[Question posted by a user on YugabyteDB Community Slack ]
What’s the best way to count number of rows in a YCQL table with some degree of parallelism?
[Question posted by a user on YugabyteDB Community Slack ]
What’s the best way to count number of rows in a YCQL table with some degree of parallelism?
One option to do this kind of parallel processing (reporting or analytic queries) on a YCQL table would be to use Spark.
For the simpler SELECT Count(*), if you don’t want to fire up a spark job to get the table counts, and need something lighter weight, you can try this Python script.

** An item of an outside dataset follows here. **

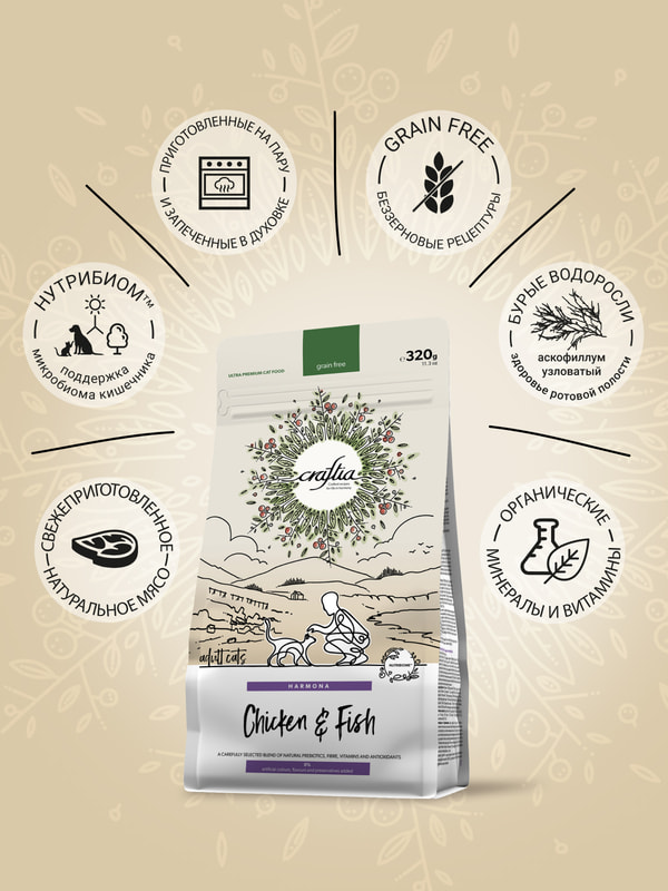 CRAFTIA HARMONA — корм кошек для ультрапремиум класса, созданный с любовью к природе.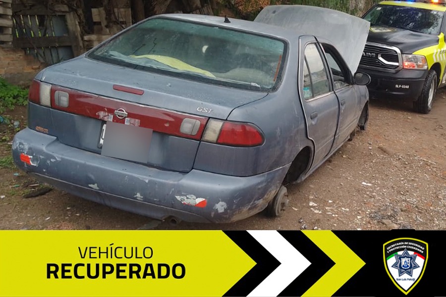 La primera unidad recuperada es un vehículo tipo sedán marca Nissan Sentra color azul, mismo que fue reportado en condiciones de abandono a través de radiofrecuencia, por lo que los oficiales acudieron a la calle Camino Viejo a Guanajuato y calle Aristóteles de la colonia Antorcha, donde efectivamente ubicaron el vehículo, mismo se encontraba abierto, sin batería y huellas de desvalijamiento.

You’ll need to update these params (at least the first two) in the script:
cluster = Cluster(['127.0.0.1']) --> change to a comma separated list of a few IPs in the cluster
keyspace_name="ybdemo_keyspace" --> change to keyspace you want
num_tasks_per_table=4096 --> can leave this setting as is
num_parallel_tasks=8 --> can leave this setting as is
The script will find the all tables in a YCQL keyspace, and then for each table, find out the partition columns, and then do SELECT COUNT(*) queries of the form below for each “sub-task/partition” with a max parallelism you specify above and aggregate the sums.
The queries issued will be of the form:
SELECT count(*) as rows FROM k2.test
WHERE partition_hash(partition_key_col) >= ? AND partition_hash(partition_key_col) <= ?
for various partition slices like (0, 15) (16, 31) and so on.